Native American Tribes & the Indian History in Millville, West Virginia

Long before the terms Native American or Indian were considered, the tribes were spread all over the Americas. Before any white man set foot on this land, it was settled by the forefathers of bands we now call Sioux, or Cherokee, or Iroquois.

For centuries, the American Indian grew its customs and heritage without interference. And that history is captivating.

From Mayan and Incan ruins, from the mounds left in the central and southern regions of what is today the U.S. we have learned plenty. It’s a tale of beautiful arts and crafts and deep spirituality. Archaeologists have unearthed highly advanced structures and public works.

While there was inevitable tribal conflict, that was simply a slight blemish in the tale of our forebears. They were at peace with this beautiful continent and deeply plugged into nature.

 

The European Settler Arrives


european settlers arrive in americaWhen European leaders sent the first vessels in this direction, the aim was to explore new resources – however the quality of climate and the bounty of everything from wood to wildlife soon changed their tune. As those leaders heard back from their explorers, the drive to colonize spread like wildfire.

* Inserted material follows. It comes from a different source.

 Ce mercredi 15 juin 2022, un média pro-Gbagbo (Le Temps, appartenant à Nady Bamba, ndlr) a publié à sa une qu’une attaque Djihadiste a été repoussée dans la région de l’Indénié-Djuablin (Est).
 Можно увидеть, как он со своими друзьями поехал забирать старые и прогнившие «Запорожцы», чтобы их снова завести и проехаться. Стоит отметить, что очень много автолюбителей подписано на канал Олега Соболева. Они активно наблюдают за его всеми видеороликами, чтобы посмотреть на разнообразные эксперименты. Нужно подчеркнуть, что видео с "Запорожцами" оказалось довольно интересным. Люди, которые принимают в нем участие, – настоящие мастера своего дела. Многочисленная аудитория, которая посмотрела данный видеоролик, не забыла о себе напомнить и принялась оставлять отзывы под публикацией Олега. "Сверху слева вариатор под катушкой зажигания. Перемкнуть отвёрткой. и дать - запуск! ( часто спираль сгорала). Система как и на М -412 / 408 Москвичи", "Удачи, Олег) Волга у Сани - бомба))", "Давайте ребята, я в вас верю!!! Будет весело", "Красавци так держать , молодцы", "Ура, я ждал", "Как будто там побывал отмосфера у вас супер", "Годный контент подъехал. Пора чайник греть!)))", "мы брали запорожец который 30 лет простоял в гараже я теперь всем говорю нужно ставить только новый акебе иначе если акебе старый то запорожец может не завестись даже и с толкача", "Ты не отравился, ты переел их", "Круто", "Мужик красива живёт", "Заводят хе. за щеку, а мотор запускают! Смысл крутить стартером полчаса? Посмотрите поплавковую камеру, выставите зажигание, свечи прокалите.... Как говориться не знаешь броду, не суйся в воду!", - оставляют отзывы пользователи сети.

The English, French and Spanish raced to carve up the “New World” by shipping over inadequately prepared colonists as fast as they could. Initially, they skirmished with the surprised Indians of America’s eastern seaboard. But that shortly gave way to trade, since the Europeans who landed here learned that their survival was doubtful without native help.

Thus followed years of comparative peace as the settlers got themselves established on American land. But the pressure to push inland came soon after. Kings and queens from thousands of miles away were restless to find additional resources, and some colonists came for freedom and opportunity.

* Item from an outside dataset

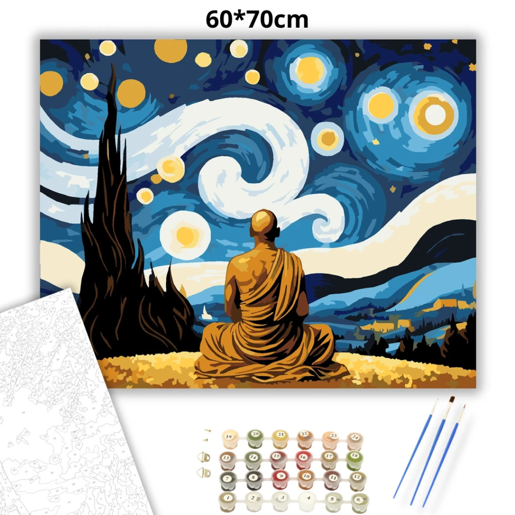 A képen egy szerzetes ül meditáló pózban, és a csillagos éjszakai égboltot figyeli, ahol nagy, örvénylő felhők és ragyogó körök kavarognak. A háttérben dombok és távoli házak rajzolódnak ki, a táj csendes és tágas. A mély kékek és a meleg arany fények nyugodt, elmélyült hangulatot teremtenek. Ez a számfestő készlet tökéletes választás, ha egyedi dekorációval tennéd szebbé otthonodat, vagy ha különleges ajándékot keresel. A csomagban minden megtalálható, amire a festéshez szükséged van.

They needed more space. And so began the process of forcing the American Indian out of the way.

It took the shape of cash payments, barter, and famously, treaties that were almost uniformly ignored after the Indians were moved away from the territory in question.

treaty at new amsterdam

The U.S. government’s policies towards Native Americans in the second half of the nineteenth century were determined by the desire to expand westward into areas occupied by these Native American tribes. By the 1850s almost all Native American tribes, roughly 360,000 in number, were living to the west of the Mississippi River. These American Indians, some from the Northwestern and Southeastern territories, were confined to Indian Territory located in contemporary Oklahoma, while the Kiowa and Comanche Native American tribes shared the area of the Southern Plains.

The Sioux, Crows and Blackfeet dominated the Northern Plains. These Native American groups met adversity as the constant flow of European immigrants into northeastern American cities delivered a stream of immigrants into the western lands already occupied by these diverse groups of Indians.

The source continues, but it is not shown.